Short on time? If you don’t have time to dry brine the chicken, just season the skin with salt and pepper before searing the bird on the stove. The skin won’t be as crispy, and the flavors won’t be as complex, but the roast chicken will still be good. For an even quicker method, check out my
Easy Roast Chicken
recipe.
Pierce the skin: Making small, shallow punctures in the skin (all over the thighs, drumsticks, breast, wings, and backside) after brining helps release fat as the chicken roasts in the oven, leading to crispy skin and juicy meat.
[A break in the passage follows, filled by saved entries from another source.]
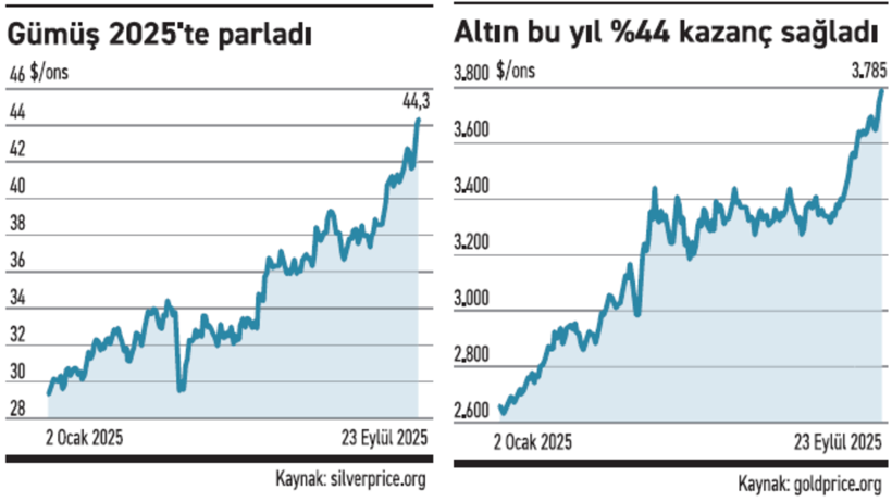 Fed’in faiz indirimi ve zayıflayan dolar, altın ve gümüşte tarihi ralliyi tetikliyor. Altın 3.785 dolarla rekor kırarken, gümüş 14 yılın en yüksek seviyesine ulaştı. Uzmanlar, gümüşün 50 dolar ve altının 4.000 dolar hedefini zorlayacağını söylüyor.
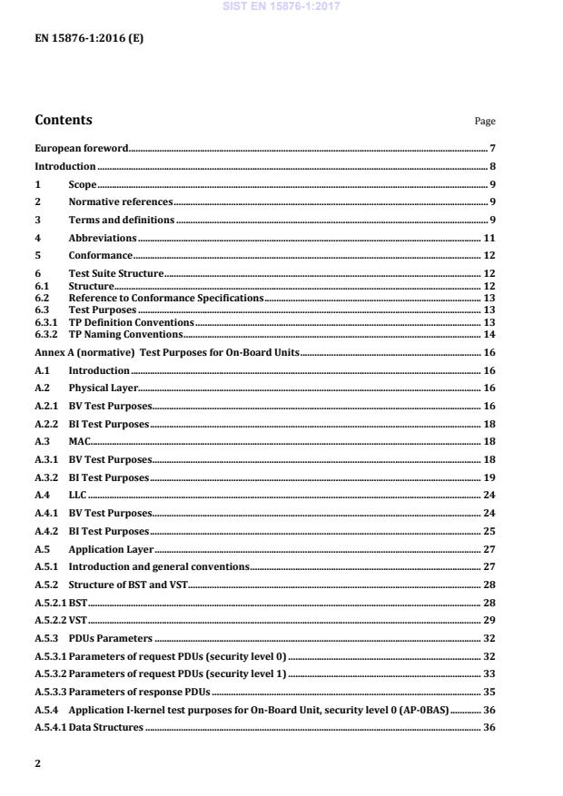 Test Purposes for On-Board Units . 16 A.1 Introduction . 16 A.2 Physical Layer . 16 A.2.1 BV Test Purposes . 16 A.2.2 BI Test Purposes . 18 A.3 MAC . 18 A.3.1 BV Test Purposes . 18 A.3.2 BI Test Purposes . 19 A.4 LLC . 24 A.4.1 BV Test Purposes . 24 A.4.2 BI Test Purposes . 25 A.5 Application Layer . 27 A.5.1 Introduction and general conventions . 27 A.5.2 Structure of BST and VST . 28 A.5.2.1 BST . 28 A.5.2.2 VST . 29 A.5.3 PDUs Parameters . 32 A.5.3.1 Parameters of request PDUs (security level 0) . 32 A.5.3.2 Parameters of request PDUs (security level 1) . 33 A.5.3.3 Parameters of response PDUs . 35 A.5.4 Application I-kernel test purposes for On-Board Unit, security level 0 (AP-0BAS) . 36 A.5.4.1 Data Structures . 36 SIST EN 15876-1:2017
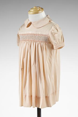 Girl's short dress of peach-coloured nylon, shirred panel at front creating gathered effect from chest. Donor's information was that this object dates from the 1940s.
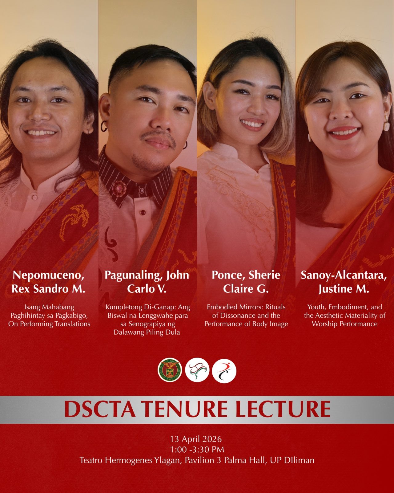 Date: Apr 13 | 12:00 AM - 12:00 AMCatch the UP Diliman (UPD) Department of Speech Communication and Theatre Arts’ (DSCTA) tenure lectures on April 13, Monday, 1:00–3:30 p.m., at the Teatro Hermogenes Ylagan, Pavilion 3, Palma Hall, UPD.
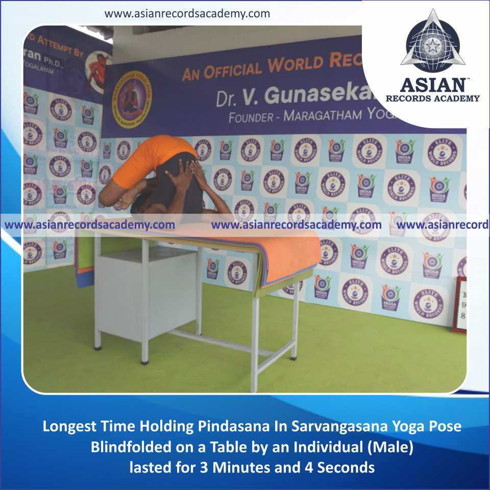Longest Time Holding Pindasana In Sarvangasana Yoga Pose Blindfolded on a Table by an Individual (Male)
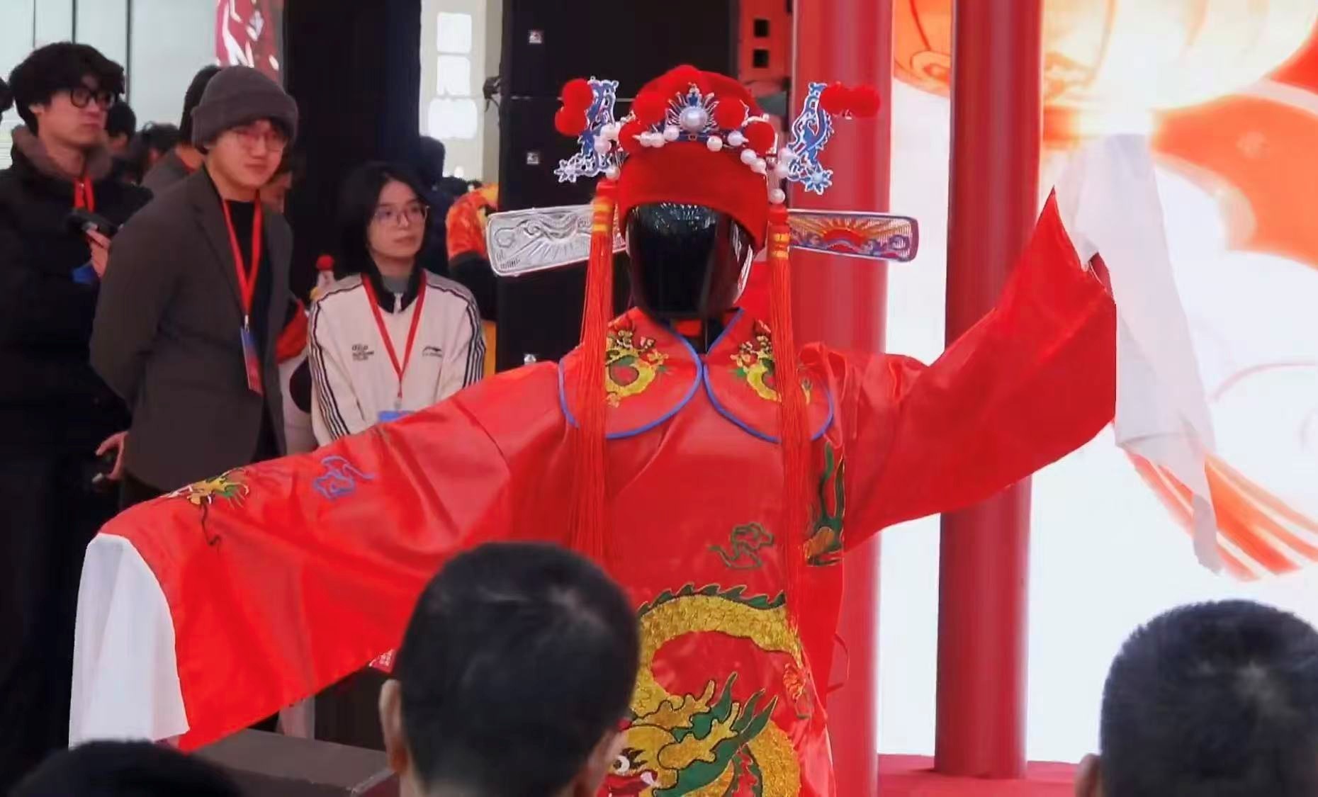 机器人在表演戏曲,郎天(左二)和同事在身后注视(@北京海淀直播截图)
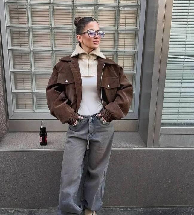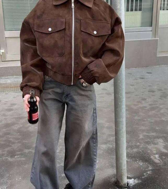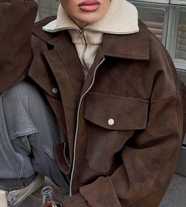 Материал под эко-замшу делает эту модель особенно выразительной. Фактура выглядит благородно, дорого и добавляет образу глубину, за счет чего бомбер смотрится более статусно и интересно. Контрастный воротник придает модели дополнительный акцент, делает ее более заметной и подчеркивает современный характер изделия. Крупные накладные карманы на передней части не только добавляют практичности, но и выступают стильной деталью, которая делает фасон еще более актуальным.
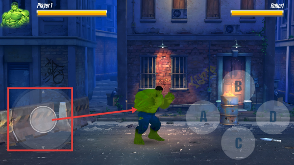 2、进入战斗场景后,通过左侧摇杆控件操控绿巨人移动,调整位置以应对敌人。
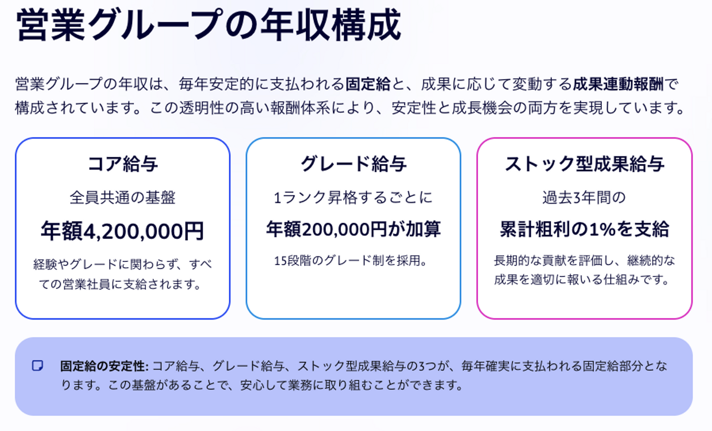 特にストック型成果給は特徴的で、「成果が積み上がる報酬」です。
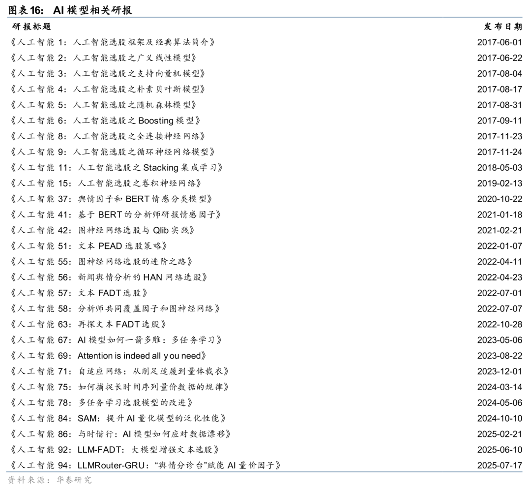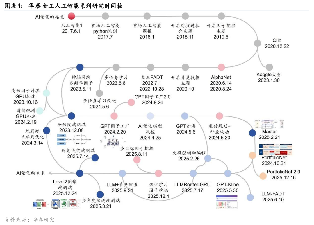本文是华泰人工智能系列的第100篇研究报告。过往的八年半里,我们亲历了量化投资行业的这场深刻变革:技术路径上,从早期的机器学习,演进到深度学习,再到如今以大语言模型为代表的新范式。应用场景上,从早期的因子合成,拓展至因子挖掘与端到端建模,进而渗透到组合优化、行业轮动、资产配置、流程管理等投资的各个环节。行业认知上,从最初的质疑与观望,逐渐转向接纳与尝试,直至今日的全面拥抱。第100篇研究,既是对过往足迹的回顾,也是对未来征途的眺望。
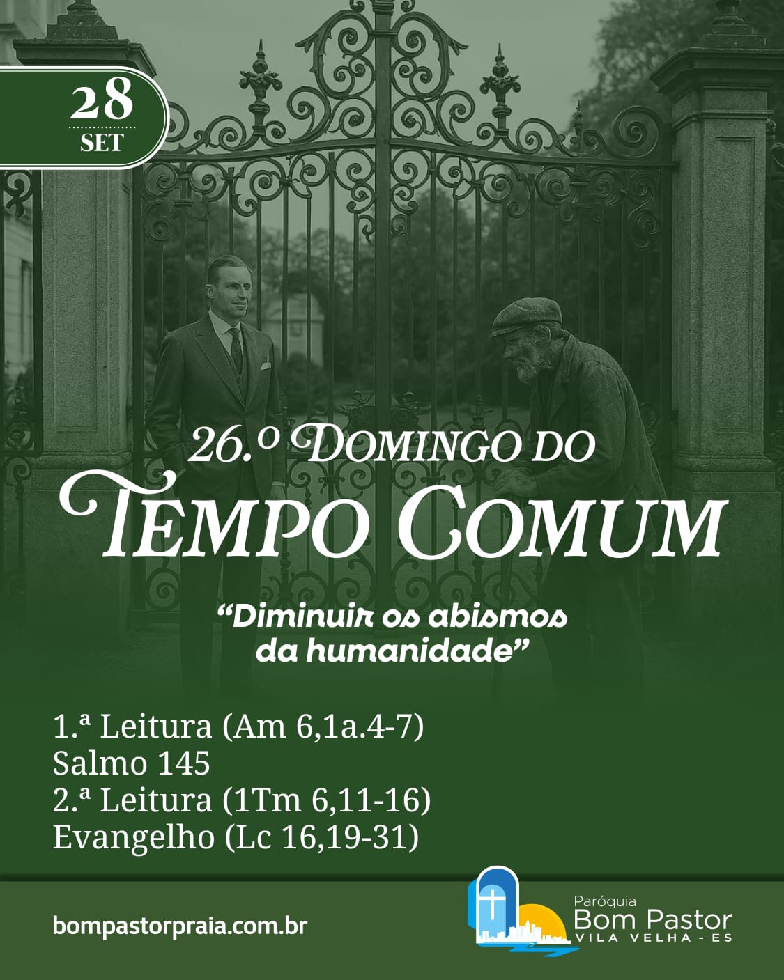 Neste 26º domingo do Tempo Comum, o Evangelho nos apresenta a parábola de Lázaro e do homem rico. Jesus desafia os fariseus a construir
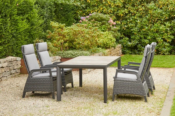 SIENA GARDEN Silva/Solea Dining Set, anthrazit/blau/grau, Alu/Gardino®-Geflecht/Keramik, ca. 183 x 90cm, inkl. 4 Diningsessel, stufenlos verstellbar
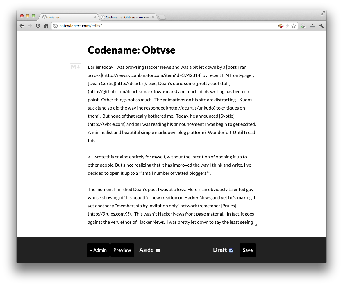 Codename: Obtvse Clean, simple blog. Inspired by Svbtle. Demo http://electric-fog-7674.herokuapp.com/admin Username: username Password: password TODO Make preview button work Pagination SCREENSHOTS
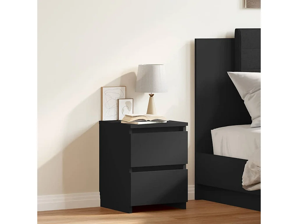 Stolik nocny Czarny 30x30x40 cm Drewno inżynieryjne 2 szuflady - Klasyczny i wszechstronny styl
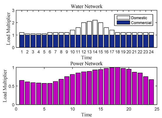 The multipliers of active/reactive power demands show the normalized loads values based on the maximum load, while the hourly multipliers in WDN are denoting the hourly normalized water needs based on the minimum demand in a day. The water demand of commercial loads is considered constant during a day.
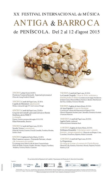 El festival Internacional de Música Antigua y Barroca de Peñíscola, organizado por CulturArts en colaboración con la Diputación de Castellón y el Ayuntamiento de Peñíscola se inaugura el domingo 2 de agosto, a las doce de la noche, en la Playa Norte de Peñíscola, con un espectáculo Piromusical ofrecido por la Pirotécnia Tomás de Benicarló.
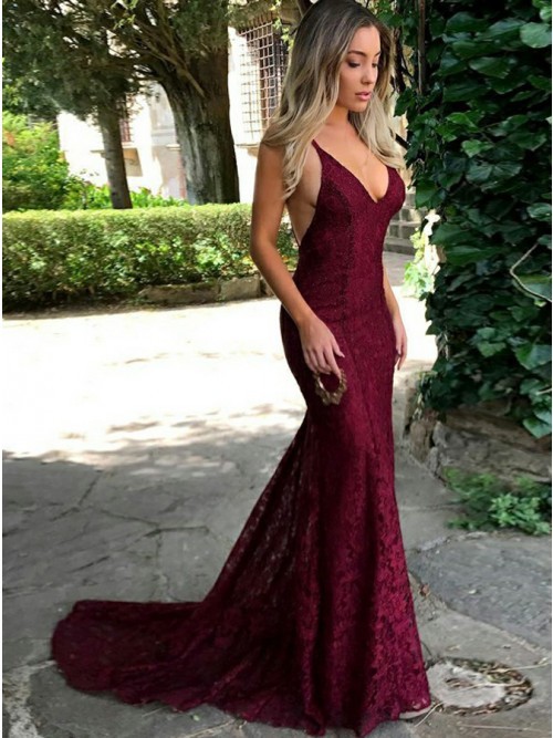 Mermaid Spaghetti Straps Backless Sweep Train Burgundy Lace Prom Dress
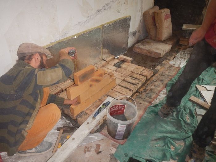 Nous utiliserons plusieurs techniques : maçonnerie de briques réfractaires, coffrage de mortier réfractaire, divers travaux de ferronnerie (quincaillerie, soudure), et terre-paille.
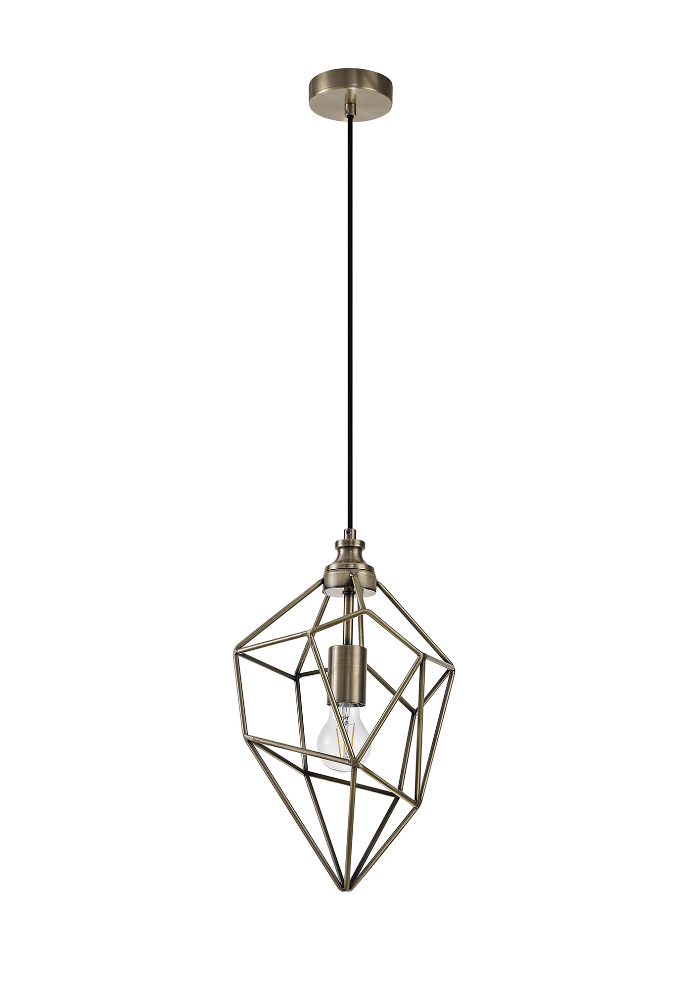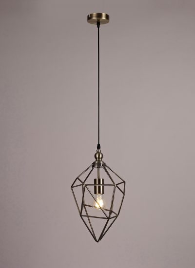 The open areas of the Rawson single pendants form an uninhibited ambient distribution. Numerous different irregular shapes form the metal framework in black nickel or antique brass producing an overall acorn shape with distinctive narrow angled point. Available in three size these E27 pendants are sure to complement a modern edgy setting.
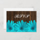 Une carte RSVP de mariage à thème country avec marguerites bleues turquoises sur un arrière - plan de grange brun foncé.
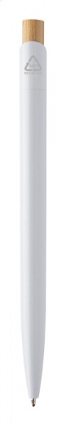 Guľôčkové pero z recyklovaného ABS plastu s bambusovým tlačidlom. S modrou náplňou.
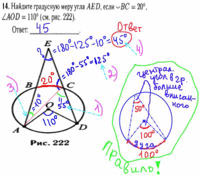 Здесь нужно вспомнить про то, что вписанный угол окружности в 2 раза меньше центрального угла (или дуги, на которую он опирается). Вначале проведем отрезок AC, и найдем вписанный угол ACD=110/2=55 градусов. Затем по свойству смежных углов найдем угол ACE=180-55=125. Также т.к. дуга BC=20 градусов, то вписанный угол BAC=20/2=10. Теперь рассмотрим треугольник AEC, в котором легко найти оставшийся 3-ий угол: 180-125-10=45 градусов.

Roast with vegetables: You can roast your chicken over a bed of carrots, onions, and red potatoes if you’d like. First, toss the vegetables in olive oil, salt, and pepper, then dump them into the bottom of a roasting pan. Roast the chicken on a wire rack placed inside the pan so the drippings can drip over top of the vegetables.
How to tell when it’s done: The best way to tell if your roasted chicken is done is with a meat thermometer. Pierce the thickest part of the breast with the thermometer. When it reads between 155ºF and 160°F, it’s ready to come out of the oven. As it’s resting, the temperature will rise to a perfect 165ºF.
Carving roasted chicken: Refer to my guide, How to Carve a Chicken, before slicing and serving the meat.
Make-Ahead:
The chicken is best served as soon as it’s done resting. If you’re not quite ready to serve it, cover it with foil and place it in a low-temperature oven for up to 30 minutes.
How to Store:
Store the carved and cooled chicken in an airtight container in the fridge for 4 days.
How to Reheat:
Place the chicken pieces on a baking sheet, cover them with foil. Warm in a 375°F oven for 10 to 15 minutes or until heated through.